The group in a statement signed by its National President, Mazi Okwu Nnabuike was reacting to the allegation that the EFCC wrote a letter to the United Kingdom court where the lawmaker is standing trial.
Ohanaeze said its earlier position that there was more to the London travail of Ekweremadu than meets the eye had now been justified by the revelation in court on Thursday by the lawmaker’s legal counsel, Chief Adegboyega Awomolo (SAN), that the EFCC authored a letter with which the London Metropolitan Police scuttled the Senator’s bail in the ongoing organ harvest trial and also concealed vital information from the Federal High Court Abuja to obtain an ex-parte interim assets forfeiture order against the lawmaker.
The organisation also expressed outrage over what it described as the EFCC’s decision to ignore petitions against former executive office holders with well known corruption allegations to hunt after Ekweremadu, who as a lawmaker, had not been in a position to administer public funds.
These were contained in a statement issued by the National President of Ohanaeze Ndigbo Youth Council Worldwide, Mazi Okwu Nnabuike, on Sunday.
Ohanaeze Ndigbo Youth said: “The revelation in court that the EFCC indeed armed the London Metropolitan Police with the letter with which it scuttled Chief Ike Ekweremadu’s bail has justified our November 2022 statement that the Anti-graft agency was working hand in glove with foreign and local interests to detain and nail the lawmaker at all cost.
“We disagree with the EFCC that the said letter was a mere routine to a counterpart government agency and that the asset forfeiture proceedings instituted against Ekweremadu only after exchanges of communication with the London Police and while in detention was a mere coincidence.
“Even if no legally stipulated timeframe for the EFCC to initiate forfeiture proceedings or criminal charges against a suspect as claimed by the agency, is it patriotic, professional, ethical, and auspicious for the anti-graft agency to go after a man they claim to have been investigating since 2008 only when he was detained in London?

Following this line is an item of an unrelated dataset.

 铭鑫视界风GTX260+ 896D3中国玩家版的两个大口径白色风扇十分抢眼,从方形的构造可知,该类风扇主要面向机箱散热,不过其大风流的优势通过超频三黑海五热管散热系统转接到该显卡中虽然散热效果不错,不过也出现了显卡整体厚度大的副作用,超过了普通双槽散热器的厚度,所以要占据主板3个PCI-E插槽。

“Would the London Metropolitan Police arm the EFCC with a letter to sabotage the bail application of a British citizen, let alone Member of Parliament, in a Nigerian court, pledge its readiness to go to court against that citizen in London while in Nigerian detention, and go ahead to do exactly that?

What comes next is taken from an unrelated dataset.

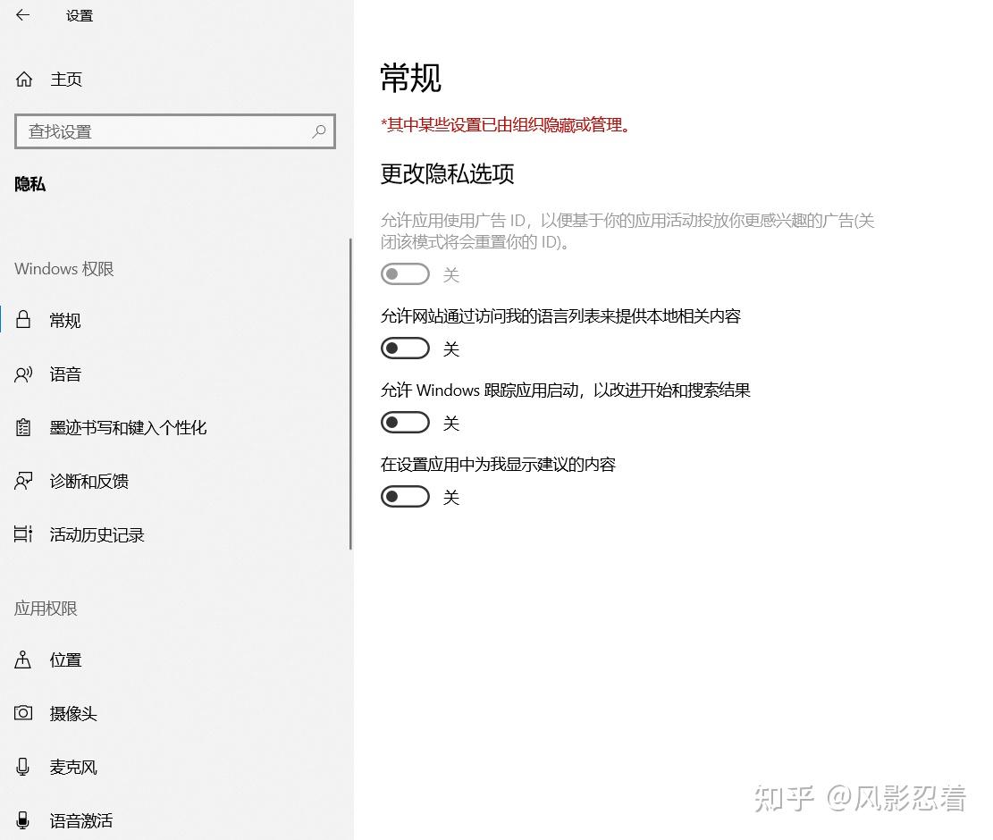 在打开的「隐私」窗口里面,根据需要逐一关闭权限:

“Is it honourable on the path of the EFCC to have withheld from the Federal High Court the fact that it had investigated Ekweremadu for well over a decade and that the lawmaker is in detention in a foreign land and would not be available to defend himself, knowing that the honourable court would be guided by such information in making a just decision on whether or not it should indeed grant the interim assets forfeiture which it ordered against the lawmaker in October?”

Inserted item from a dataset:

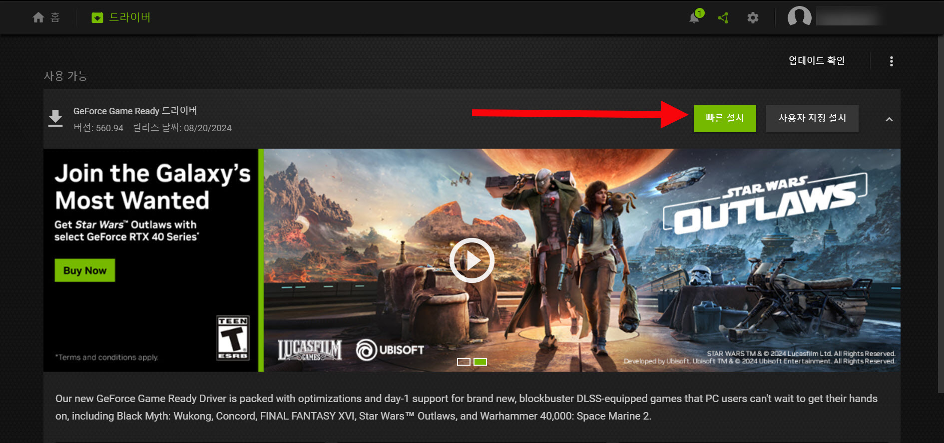 2)좌측 상단의 드라이버를 선택하고 업데이트 및 사용 가능한 드라이버를 확인합니다(드라이버 버전 560.94)

It described as shameful the fact that while developed democracies, including the UK and USA, were known to embark on diplomatic overdrive to secure respite and freedom of their citizens facing drug-related and more heinous charges in foreign lands, the EFCC is injecting itself malevolently into Ekweremadu’s overseas trial in a clearly unrelated matter.
From Nuhu Ribadu to Farida Waziri, Ibarahim Lamorde, Ibrahim Magu, and now Abdulrasheed Bawa, the chairmanship of the EFCC has permanently resided in one part of the country since its inception, thereby resulting in a clear pattern of persecution, humiliation, and assets stripping of Southern people and businesses by the agency.
“Besides, it is most unfortunate that the EFCC has overlooked its Augean stable most recently relating to the humongous allegations of corruption against its last Chairman as well as other issues of alleged mismanagement of recovered or seized assets but only to hunt after a distinguished Nigerian lawmaker in detention and facing trial in a foreign land,” it concluded.